1. Илья Николаевич Ульянов приказом Управляющего Министерством народного просвещения от 6 сентября 1869 г. за № 19 утверждён инспектором народных училищ Симбирской губернии с 1 сентября 1869 г.
2. «Вождь был зачат в Нижнем» // Новые Известия. — 2004. — 21 фев. URL: https://newizv.ru/news/politics/21-04-2005/23342-vozhd-byl-zachat-v-nizhnem.
3. Хотя в книге есть немало о Нижнем, и исключительно любопытного.
4. После смерти Розанова его архив хранился в Сергиевом Посаде у небезызвестного Павла Флоренского. Есть история о том, как Флоренский распорядился вынести архив из дома в сарай, так как он «не выносит аромата этих рукописей». И это при том, что Флоренский и Розанов были близки в последние годы жизни Василия Васильевича. Флоренский был духовником Розанова, но требовал, чтобы тот отрёкся от своих «еретических трудов». Честно говоря, мне непонятно, какие из розановских сочинений нееретические. Может быть, Флоренский хотел, чтобы Розанов вообще отрёкся от всего сочинённого им? И вот ещё одна любопытная история, уже чисто нижегородская. Через девять лет после смерти Розанова Флоренского сослали в Нижний Новгород — работать в знаменитой местной радиолаборатории.
5. В середине 1990-х первые постсоветские местные власти придумали бренд для Нижнего, суть которого была в том, что нужно забыть «Горький» и «вернуться» в дореволюционный «Нижний» с его купцами, Ярмаркой и прочим.
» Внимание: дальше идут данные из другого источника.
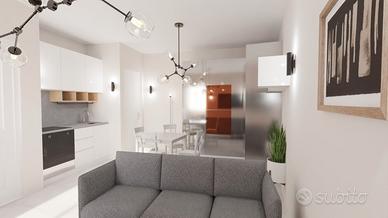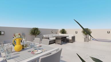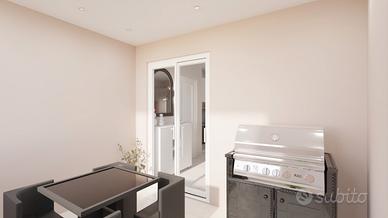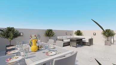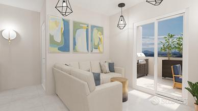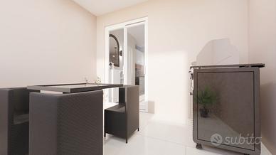 Center Immobiliare, propone in vendita in esclusiva a Monserrato nei pressi capolinea della Metro un ottimo Bivano al 2° piano di nuova costruzione, con terrazza sovrastante di 41 mq di proprietà esclusiva. L' appartamento è dotato di ascensore e posto auto. Il nostro ingresso è su un accogliente e luminoso soggiorno con l' angolo cottura, comunicante con un balcone dal quale si può accedere attraverso una scala alla terrazza sovrastante di proprietà, successivamente, attraverso un disimpegno, accediamo al bagno e alla camera matrimoniale. Le rifiniture sono personalizzabili cosi come eventuali modifiche interne. Gli appartamenti saranno dotati di impianto fotovoltaico, pompe di calore.
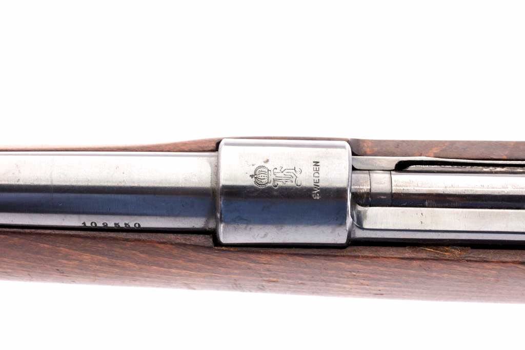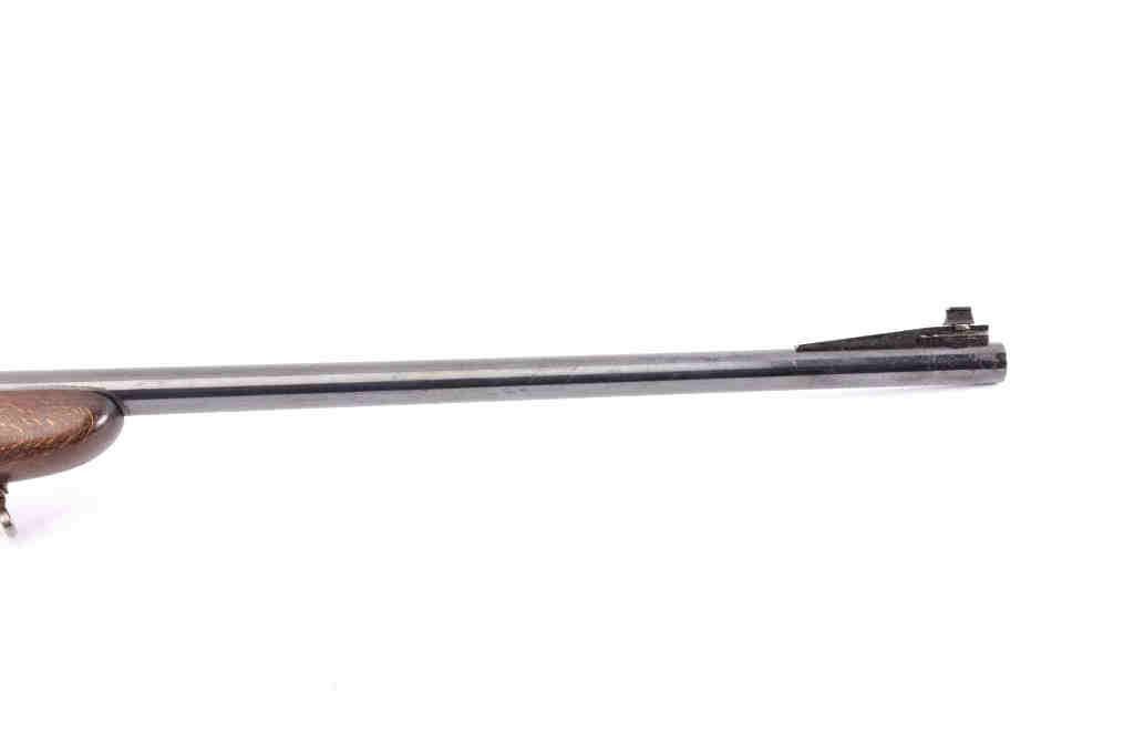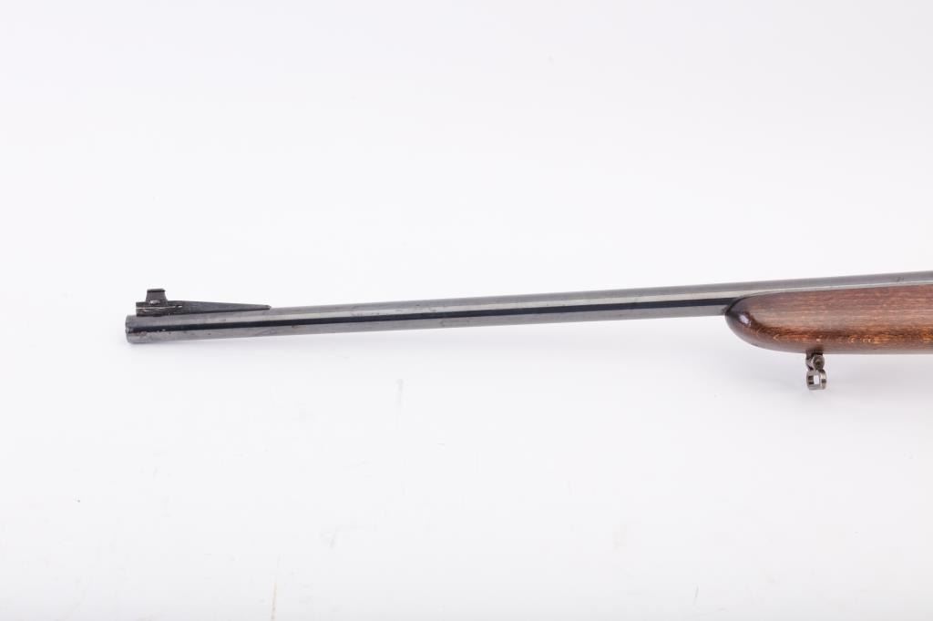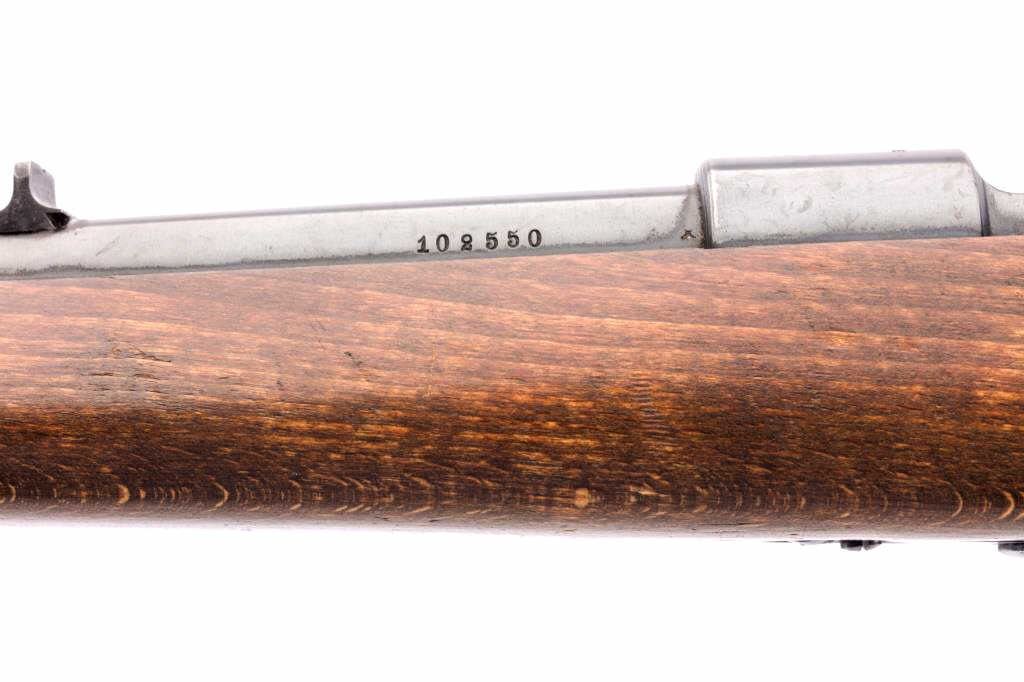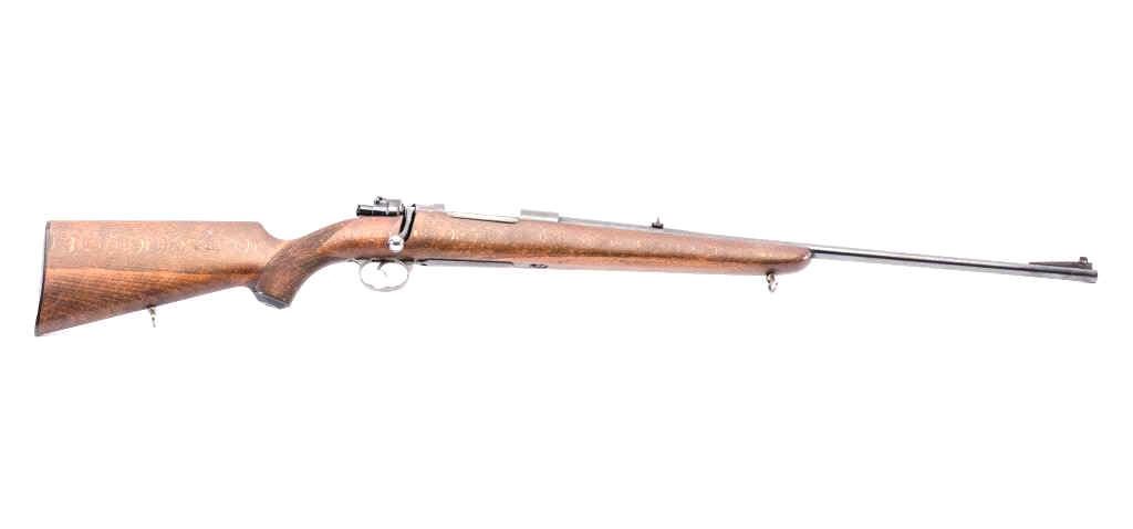 Husqvarna Commercial Model 98 Mauser bolt action sporting rifle, 8 x 57 caliber, Serial #102550. The rifle is in very good overall condition with a 24” barrel with a hooded blade front and standing leaf rear sights. The barrel retains the majority of its blue finish with a sling swivel added. The barrel address reads, “HUSQVARNA VAPENFABRIKS A.B. KAL. 8 x 57.” The receiver retains a significant amount of factory blue finish with bright niter blue on the bolt release. The custom checkered Walnut stock is in good condition with fine figure and finish. The stock is a replacement with a beaded cheek piece and upgraded wood. The butt stock retains the sling swivels, leather sling and ends with a solid rubber recoil pad. The bore is good, the action is crisp and the markings are sharp on this Husqvarna built on an FN action. Est.: $600-$1,200. (C+R).

Придумали лозунг: «Нижний — карман России», не сообразив, что как-то скучно и темновато обитать в кармане. Поместили лозунг на билборды. Я видел один из них на выезде из города, какие-то шутники затёрли тёмным «н» во втором слове, получилось «Нижний — карма России». Вот и думай, какую именно карму имели в виду — то ли Минина с Пожарским, то ли Никона с Аввакумом, то ли Ленина с Розановым. В любом случае что-то буддическое в Нижнем есть — и в Розанове тоже.